◆ **What to work on**
The data below should be retyped exactly, with the pictures left out.

◆ **Data below**
-=-=-=-=-

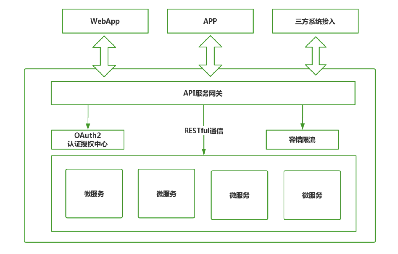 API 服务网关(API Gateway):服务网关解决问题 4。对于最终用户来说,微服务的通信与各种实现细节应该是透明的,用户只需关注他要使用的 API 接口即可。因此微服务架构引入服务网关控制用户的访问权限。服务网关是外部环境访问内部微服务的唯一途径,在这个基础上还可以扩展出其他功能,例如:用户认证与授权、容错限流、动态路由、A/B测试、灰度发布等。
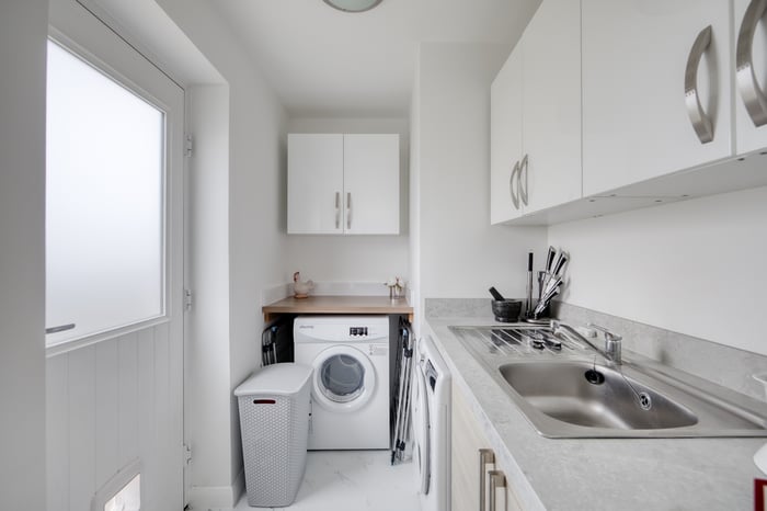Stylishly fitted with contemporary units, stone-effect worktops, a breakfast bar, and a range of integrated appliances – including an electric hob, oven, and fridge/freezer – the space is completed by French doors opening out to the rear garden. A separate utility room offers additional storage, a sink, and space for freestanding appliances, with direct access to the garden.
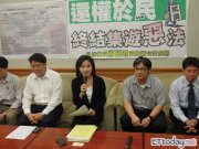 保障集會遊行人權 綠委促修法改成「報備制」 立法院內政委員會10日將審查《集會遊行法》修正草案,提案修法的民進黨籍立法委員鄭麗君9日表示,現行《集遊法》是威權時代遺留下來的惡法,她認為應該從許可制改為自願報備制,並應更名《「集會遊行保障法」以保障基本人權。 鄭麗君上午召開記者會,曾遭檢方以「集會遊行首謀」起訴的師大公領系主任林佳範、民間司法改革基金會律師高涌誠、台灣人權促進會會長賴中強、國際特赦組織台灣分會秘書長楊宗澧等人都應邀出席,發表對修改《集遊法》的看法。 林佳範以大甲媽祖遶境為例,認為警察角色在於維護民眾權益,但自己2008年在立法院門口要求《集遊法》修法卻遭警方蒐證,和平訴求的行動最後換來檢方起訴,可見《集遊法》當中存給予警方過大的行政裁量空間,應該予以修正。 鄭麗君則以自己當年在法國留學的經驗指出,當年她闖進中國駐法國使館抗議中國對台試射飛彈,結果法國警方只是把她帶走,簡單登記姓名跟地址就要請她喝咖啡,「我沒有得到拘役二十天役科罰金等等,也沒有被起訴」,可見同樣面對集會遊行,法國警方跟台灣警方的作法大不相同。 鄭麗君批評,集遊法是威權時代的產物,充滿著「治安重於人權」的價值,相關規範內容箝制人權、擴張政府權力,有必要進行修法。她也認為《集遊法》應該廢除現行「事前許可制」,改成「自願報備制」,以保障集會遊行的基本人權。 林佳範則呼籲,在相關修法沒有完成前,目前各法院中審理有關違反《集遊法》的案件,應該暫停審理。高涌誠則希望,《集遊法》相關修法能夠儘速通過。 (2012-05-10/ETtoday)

-=-=-=-=-

◆ **Solution for this task**
 API 服务网关(API Gateway):服务网关解决问题 4。对于最终用户来说,微服务的通信与各种实现细节应该是透明的,用户只需关注他要使用的 API 接口即可。因此微服务架构引入服务网关控制用户的访问权限。服务网关是外部环境访问内部微服务的唯一途径,在这个基础上还可以扩展出其他功能,例如:用户认证与授权、容错限流、动态路由、A/B测试、灰度发布等。
Stylishly fitted with contemporary units, stone-effect worktops, a breakfast bar, and a range of integrated appliances – including an electric hob, oven, and fridge/freezer – the space is completed by French doors opening out to the rear garden. A separate utility room offers additional storage, a sink, and space for freestanding appliances, with direct access to the garden.
 保障集會遊行人權 綠委促修法改成「報備制」 立法院內政委員會10日將審查《集會遊行法》修正草案,提案修法的民進黨籍立法委員鄭麗君9日表示,現行《集遊法》是威權時代遺留下來的惡法,她認為應該從許可制改為自願報備制,並應更名《「集會遊行保障法」以保障基本人權。 鄭麗君上午召開記者會,曾遭檢方以「集會遊行首謀」起訴的師大公領系主任林佳範、民間司法改革基金會律師高涌誠、台灣人權促進會會長賴中強、國際特赦組織台灣分會秘書長楊宗澧等人都應邀出席,發表對修改《集遊法》的看法。 林佳範以大甲媽祖遶境為例,認為警察角色在於維護民眾權益,但自己2008年在立法院門口要求《集遊法》修法卻遭警方蒐證,和平訴求的行動最後換來檢方起訴,可見《集遊法》當中存給予警方過大的行政裁量空間,應該予以修正。 鄭麗君則以自己當年在法國留學的經驗指出,當年她闖進中國駐法國使館抗議中國對台試射飛彈,結果法國警方只是把她帶走,簡單登記姓名跟地址就要請她喝咖啡,「我沒有得到拘役二十天役科罰金等等,也沒有被起訴」,可見同樣面對集會遊行,法國警方跟台灣警方的作法大不相同。 鄭麗君批評,集遊法是威權時代的產物,充滿著「治安重於人權」的價值,相關規範內容箝制人權、擴張政府權力,有必要進行修法。她也認為《集遊法》應該廢除現行「事前許可制」,改成「自願報備制」,以保障集會遊行的基本人權。 林佳範則呼籲,在相關修法沒有完成前,目前各法院中審理有關違反《集遊法》的案件,應該暫停審理。高涌誠則希望,《集遊法》相關修法能夠儘速通過。 (2012-05-10/ETtoday)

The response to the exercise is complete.